December 23, 2009
by John Lee
During the frantic final two days of negotiations at Copenhagen over the weekend, Barack Obama and Hillary Clinton set a clever trap for Chinese premier, Wen Jiabao. Having just announced that the US would establish and contribute to a $100bn international fund by 2020 to help poor nations cope with the challenge of climate change, they added a non-negotiable proviso: all major nations would first be required to commit their emissions reduction to a binding agreement and submit these reductions to "transparent verification".
Everyone in the room knew that "all major nations" primarily meant China. From the beginning, China has steadfastly refused to accept outside monitoring and verification of its progress toward any promised targets. But the 11th-hour US proposal immediately isolated China. The onus was now on Beijing to agree to standards of "transparent verification". If it did not, poorer countries standing to benefit from the fund would blame China for breaking the deal.
Clinton's proposal had cunningly undermined Beijing's leadership over the developing bloc of countries. In anger, Chinese officials responded that such demands were an insult to China and would be a violation of Chinese sovereignty and national interests. Wen had been outflanked and was angry, even leaving the conference centre and subsequently snubbing Obama in a couple of previously planned bilateral and multinational meetings involving the US president.
Which raises the question: why the extreme response? China has long been engaging in a dangerous game of manipulating important economic numbers and concealing domestic commercial realities. Despite all its progress over 30 years, Beijing is afraid to shine too bright a light in dark places, and even more afraid that outsiders might be allowed to do so. In important respects, the government actually embraces opaqueness as a perceived advantage. The thought of "transparent verification" was seen as the thin end of the wedge, allowing outside experts broad authority to peer into the workings of middle China.

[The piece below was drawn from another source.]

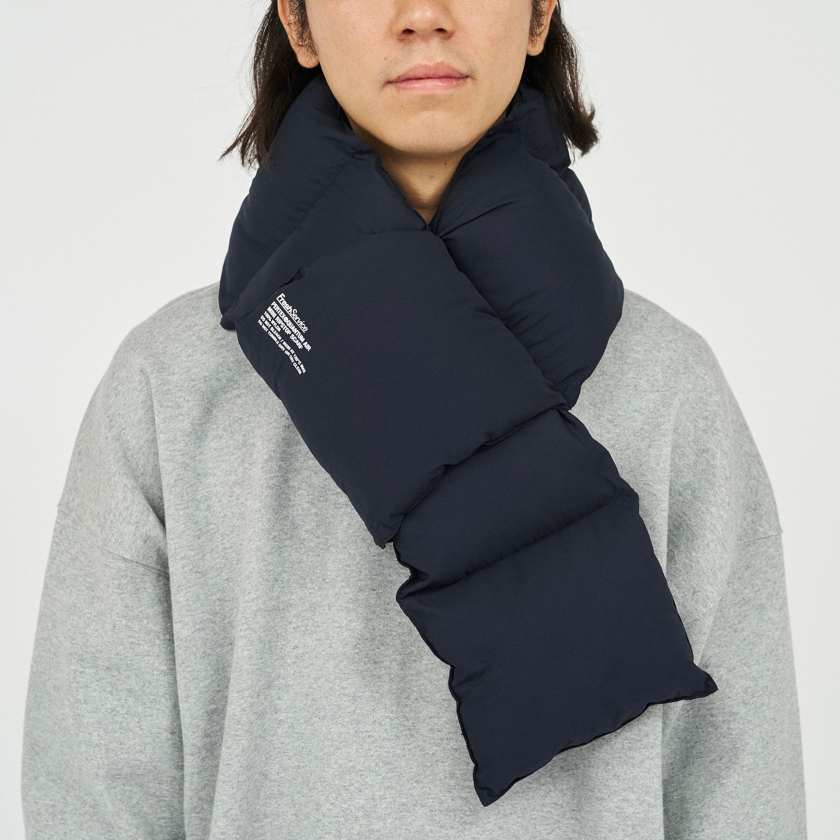 高機能素材《PERTEX® QUANTUM》のミニリップストップ生地を使用した中綿入りのマフラー。

Teams of international economists, scientists, inspectors and statisticians roaming China to gather information on carbon emissions and reduction initiatives would have been unprecedented. In promoting China, Beijing projects an image of order and competence to the world. In parts of its wealthier coastal cities, China is that. But these international teams would undoubtedly discover exactly how dysfunctional the heart of the country really is. They would see first hand and report back how China's 45 million local officials remain the most formidable obstacle to improving transparency in China's sprawling economic structure – protecting their turf, defending their privileges, arbitrarily enforcing the law, and when it comes to economic performance blatantly cooking the books. Beijing still wants to assure outsiders that it remains in charge even though in important respects it is not.

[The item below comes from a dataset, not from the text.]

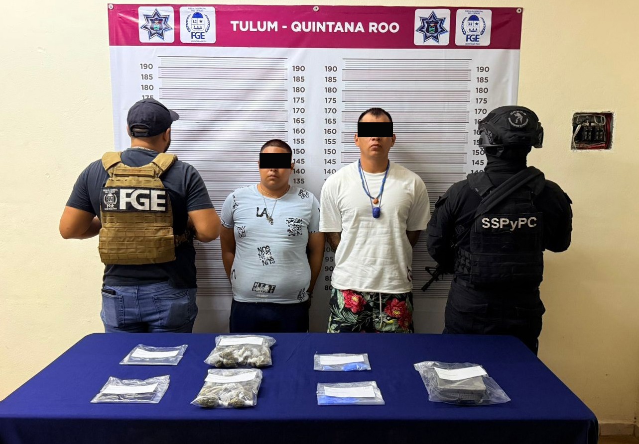 En un segundo hecho, Dylan Humberto “N” y Luis Enrique “N” fueron detenidos sobre la carretera Tulum–Boca Paila, a la altura del kilómetro 7. A ellos se les aseguraron dosis de marihuana y polvo blanco granulado con características de la droga conocida como “cristal”.

This lack of accountability and transparency strikes at the heart of China's credibility in any global climate change agenda. Wen would not want foreign experts reporting to political masters in America and Europe that Beijing's capacity for compelling local officials and locally managed, state-controlled enterprises – some 120,000 companies and countless other subsidiaries – to implement climate change initiatives is extremely low. This would simply strengthen suspicions that decentralised China cannot actually honour future commitments despite promises that it intends to.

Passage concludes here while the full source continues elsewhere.